── DATA SUPPLIED ──
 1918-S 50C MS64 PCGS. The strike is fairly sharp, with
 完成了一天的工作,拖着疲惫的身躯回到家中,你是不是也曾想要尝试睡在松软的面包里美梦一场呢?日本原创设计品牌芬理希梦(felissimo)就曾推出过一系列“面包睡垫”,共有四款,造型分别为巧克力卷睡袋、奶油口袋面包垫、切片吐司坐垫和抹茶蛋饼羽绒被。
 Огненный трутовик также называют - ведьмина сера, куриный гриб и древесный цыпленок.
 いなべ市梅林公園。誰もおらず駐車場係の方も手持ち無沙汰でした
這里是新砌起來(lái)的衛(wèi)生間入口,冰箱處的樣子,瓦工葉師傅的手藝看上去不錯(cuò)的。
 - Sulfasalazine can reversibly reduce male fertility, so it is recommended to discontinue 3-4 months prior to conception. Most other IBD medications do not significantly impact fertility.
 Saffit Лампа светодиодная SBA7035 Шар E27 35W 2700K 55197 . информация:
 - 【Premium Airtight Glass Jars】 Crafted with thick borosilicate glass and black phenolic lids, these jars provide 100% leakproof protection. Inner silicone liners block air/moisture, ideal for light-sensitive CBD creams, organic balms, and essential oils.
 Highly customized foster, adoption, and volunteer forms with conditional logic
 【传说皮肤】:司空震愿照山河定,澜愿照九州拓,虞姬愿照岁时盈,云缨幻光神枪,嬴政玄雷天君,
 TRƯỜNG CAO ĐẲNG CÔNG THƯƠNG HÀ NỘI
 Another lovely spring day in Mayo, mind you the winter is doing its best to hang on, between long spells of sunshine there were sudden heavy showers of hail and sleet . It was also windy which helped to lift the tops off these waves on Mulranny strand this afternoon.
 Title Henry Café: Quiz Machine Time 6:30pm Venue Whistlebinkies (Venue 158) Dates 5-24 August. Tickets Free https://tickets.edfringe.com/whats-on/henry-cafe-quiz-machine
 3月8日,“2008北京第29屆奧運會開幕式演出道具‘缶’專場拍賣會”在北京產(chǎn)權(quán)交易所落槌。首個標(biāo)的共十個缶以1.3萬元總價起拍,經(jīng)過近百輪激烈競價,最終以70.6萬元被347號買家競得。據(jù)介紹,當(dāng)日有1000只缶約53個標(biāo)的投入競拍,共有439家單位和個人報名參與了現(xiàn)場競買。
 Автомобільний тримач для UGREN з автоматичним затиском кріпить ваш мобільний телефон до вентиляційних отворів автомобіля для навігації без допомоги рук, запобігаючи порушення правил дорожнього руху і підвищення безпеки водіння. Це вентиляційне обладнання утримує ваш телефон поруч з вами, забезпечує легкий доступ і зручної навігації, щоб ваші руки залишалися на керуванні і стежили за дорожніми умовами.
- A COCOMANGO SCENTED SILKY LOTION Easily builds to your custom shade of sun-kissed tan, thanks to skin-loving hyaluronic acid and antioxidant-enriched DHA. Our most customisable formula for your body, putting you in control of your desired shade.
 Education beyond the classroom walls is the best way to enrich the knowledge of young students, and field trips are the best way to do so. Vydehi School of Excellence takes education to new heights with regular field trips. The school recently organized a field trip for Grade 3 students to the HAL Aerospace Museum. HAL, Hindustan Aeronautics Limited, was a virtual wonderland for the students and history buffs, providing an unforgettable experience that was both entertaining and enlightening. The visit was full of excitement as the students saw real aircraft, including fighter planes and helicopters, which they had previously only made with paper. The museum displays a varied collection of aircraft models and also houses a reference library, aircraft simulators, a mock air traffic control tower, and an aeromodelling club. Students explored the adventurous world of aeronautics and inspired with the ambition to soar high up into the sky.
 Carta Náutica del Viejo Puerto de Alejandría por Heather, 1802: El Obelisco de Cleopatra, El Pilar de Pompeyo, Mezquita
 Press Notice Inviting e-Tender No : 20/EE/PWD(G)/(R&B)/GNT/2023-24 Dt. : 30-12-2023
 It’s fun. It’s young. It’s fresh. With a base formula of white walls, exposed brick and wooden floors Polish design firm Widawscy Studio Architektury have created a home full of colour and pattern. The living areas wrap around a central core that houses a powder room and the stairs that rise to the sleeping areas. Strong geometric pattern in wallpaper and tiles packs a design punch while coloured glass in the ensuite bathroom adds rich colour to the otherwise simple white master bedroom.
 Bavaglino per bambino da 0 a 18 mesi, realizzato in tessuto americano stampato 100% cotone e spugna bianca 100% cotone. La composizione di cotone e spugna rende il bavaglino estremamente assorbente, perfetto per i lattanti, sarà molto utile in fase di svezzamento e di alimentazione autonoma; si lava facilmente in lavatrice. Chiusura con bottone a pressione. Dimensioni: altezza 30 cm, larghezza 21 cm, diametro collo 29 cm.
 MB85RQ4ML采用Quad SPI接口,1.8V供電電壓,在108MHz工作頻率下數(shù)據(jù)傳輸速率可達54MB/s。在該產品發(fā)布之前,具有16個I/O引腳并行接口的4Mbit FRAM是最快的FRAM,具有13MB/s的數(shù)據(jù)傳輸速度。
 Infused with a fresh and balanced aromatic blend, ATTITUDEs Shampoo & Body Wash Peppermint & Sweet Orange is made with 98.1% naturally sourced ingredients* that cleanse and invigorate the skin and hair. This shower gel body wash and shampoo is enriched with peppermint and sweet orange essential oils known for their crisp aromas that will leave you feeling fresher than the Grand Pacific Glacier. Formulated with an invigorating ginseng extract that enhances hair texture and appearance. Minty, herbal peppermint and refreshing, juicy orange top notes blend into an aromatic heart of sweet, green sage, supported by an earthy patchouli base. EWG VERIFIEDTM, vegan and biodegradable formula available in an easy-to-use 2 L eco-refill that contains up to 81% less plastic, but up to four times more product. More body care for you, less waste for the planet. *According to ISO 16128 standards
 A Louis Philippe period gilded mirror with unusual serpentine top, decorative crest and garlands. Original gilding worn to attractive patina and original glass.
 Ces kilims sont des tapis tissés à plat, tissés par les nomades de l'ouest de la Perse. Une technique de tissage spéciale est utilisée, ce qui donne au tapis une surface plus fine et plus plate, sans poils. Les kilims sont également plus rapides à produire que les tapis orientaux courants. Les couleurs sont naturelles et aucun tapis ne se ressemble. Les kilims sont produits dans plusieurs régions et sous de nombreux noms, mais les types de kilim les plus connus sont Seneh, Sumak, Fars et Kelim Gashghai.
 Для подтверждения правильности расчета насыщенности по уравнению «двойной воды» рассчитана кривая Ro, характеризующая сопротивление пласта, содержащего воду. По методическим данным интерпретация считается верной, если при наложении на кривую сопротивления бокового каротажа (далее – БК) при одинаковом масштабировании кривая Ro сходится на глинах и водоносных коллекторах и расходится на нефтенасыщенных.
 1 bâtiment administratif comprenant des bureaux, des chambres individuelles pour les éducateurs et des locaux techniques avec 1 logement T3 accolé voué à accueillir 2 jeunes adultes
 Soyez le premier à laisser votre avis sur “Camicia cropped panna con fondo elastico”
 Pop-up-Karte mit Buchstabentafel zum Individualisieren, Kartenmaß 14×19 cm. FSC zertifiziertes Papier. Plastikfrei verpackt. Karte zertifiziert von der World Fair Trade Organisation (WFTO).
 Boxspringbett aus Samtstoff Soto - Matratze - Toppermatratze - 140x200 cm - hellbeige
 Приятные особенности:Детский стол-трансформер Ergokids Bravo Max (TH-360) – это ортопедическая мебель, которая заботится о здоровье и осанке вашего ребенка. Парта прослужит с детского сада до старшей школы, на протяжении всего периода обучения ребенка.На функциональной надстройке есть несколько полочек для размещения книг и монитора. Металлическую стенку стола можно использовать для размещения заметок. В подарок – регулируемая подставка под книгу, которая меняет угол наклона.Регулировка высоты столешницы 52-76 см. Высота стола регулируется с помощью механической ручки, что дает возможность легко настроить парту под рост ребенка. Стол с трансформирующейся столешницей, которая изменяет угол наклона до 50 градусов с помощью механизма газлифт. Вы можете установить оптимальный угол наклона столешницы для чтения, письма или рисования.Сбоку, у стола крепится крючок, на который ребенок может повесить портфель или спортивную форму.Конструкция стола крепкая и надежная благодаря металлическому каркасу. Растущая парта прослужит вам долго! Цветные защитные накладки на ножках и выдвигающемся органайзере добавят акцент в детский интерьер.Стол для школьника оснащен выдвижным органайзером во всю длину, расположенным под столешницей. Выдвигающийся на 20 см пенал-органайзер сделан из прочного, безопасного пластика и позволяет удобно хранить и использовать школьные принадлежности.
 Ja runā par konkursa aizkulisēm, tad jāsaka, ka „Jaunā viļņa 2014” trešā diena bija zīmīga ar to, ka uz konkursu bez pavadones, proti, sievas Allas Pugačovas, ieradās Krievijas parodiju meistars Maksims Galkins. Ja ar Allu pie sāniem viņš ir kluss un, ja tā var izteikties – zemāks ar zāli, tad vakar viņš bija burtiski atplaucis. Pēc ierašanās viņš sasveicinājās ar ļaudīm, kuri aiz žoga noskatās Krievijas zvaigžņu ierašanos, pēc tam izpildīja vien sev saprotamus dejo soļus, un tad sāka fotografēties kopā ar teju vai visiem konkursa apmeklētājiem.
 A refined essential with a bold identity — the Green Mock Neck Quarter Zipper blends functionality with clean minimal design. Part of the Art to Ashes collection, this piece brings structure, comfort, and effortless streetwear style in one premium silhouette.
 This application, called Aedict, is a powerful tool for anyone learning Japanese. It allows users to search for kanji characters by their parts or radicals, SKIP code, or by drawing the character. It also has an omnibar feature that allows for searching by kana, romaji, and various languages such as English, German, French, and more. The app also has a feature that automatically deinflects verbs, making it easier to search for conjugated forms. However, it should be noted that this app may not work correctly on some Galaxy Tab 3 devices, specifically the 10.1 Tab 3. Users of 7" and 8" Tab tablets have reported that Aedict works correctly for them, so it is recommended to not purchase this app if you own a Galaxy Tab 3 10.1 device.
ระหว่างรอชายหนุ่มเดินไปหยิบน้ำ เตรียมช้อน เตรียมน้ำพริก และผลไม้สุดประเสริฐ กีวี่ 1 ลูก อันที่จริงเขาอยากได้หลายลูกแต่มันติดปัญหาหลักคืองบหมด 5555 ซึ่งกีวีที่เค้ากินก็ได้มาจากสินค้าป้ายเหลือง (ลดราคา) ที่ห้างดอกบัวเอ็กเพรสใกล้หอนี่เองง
───
Only the lines above starting at the line that holds "Highly customized foster, adoption, and" and ending at the line that holds "- A COCOMANGO" are to be repeated, exactly and in full.

 Highly customized foster, adoption, and volunteer forms with conditional logic
 【传说皮肤】:司空震愿照山河定,澜愿照九州拓,虞姬愿照岁时盈,云缨幻光神枪,嬴政玄雷天君,
 TRƯỜNG CAO ĐẲNG CÔNG THƯƠNG HÀ NỘI
 Another lovely spring day in Mayo, mind you the winter is doing its best to hang on, between long spells of sunshine there were sudden heavy showers of hail and sleet . It was also windy which helped to lift the tops off these waves on Mulranny strand this afternoon.
 Title Henry Café: Quiz Machine Time 6:30pm Venue Whistlebinkies (Venue 158) Dates 5-24 August. Tickets Free https://tickets.edfringe.com/whats-on/henry-cafe-quiz-machine
 3月8日,“2008北京第29屆奧運會開幕式演出道具‘缶’專場拍賣會”在北京產(chǎn)權(quán)交易所落槌。首個標(biāo)的共十個缶以1.3萬元總價起拍,經(jīng)過近百輪激烈競價,最終以70.6萬元被347號買家競得。據(jù)介紹,當(dāng)日有1000只缶約53個標(biāo)的投入競拍,共有439家單位和個人報名參與了現(xiàn)場競買。
 Автомобільний тримач для UGREN з автоматичним затиском кріпить ваш мобільний телефон до вентиляційних отворів автомобіля для навігації без допомоги рук, запобігаючи порушення правил дорожнього руху і підвищення безпеки водіння. Це вентиляційне обладнання утримує ваш телефон поруч з вами, забезпечує легкий доступ і зручної навігації, щоб ваші руки залишалися на керуванні і стежили за дорожніми умовами.
- A COCOMANGO SCENTED SILKY LOTION Easily builds to your custom shade of sun-kissed tan, thanks to skin-loving hyaluronic acid and antioxidant-enriched DHA. Our most customisable formula for your body, putting you in control of your desired shade.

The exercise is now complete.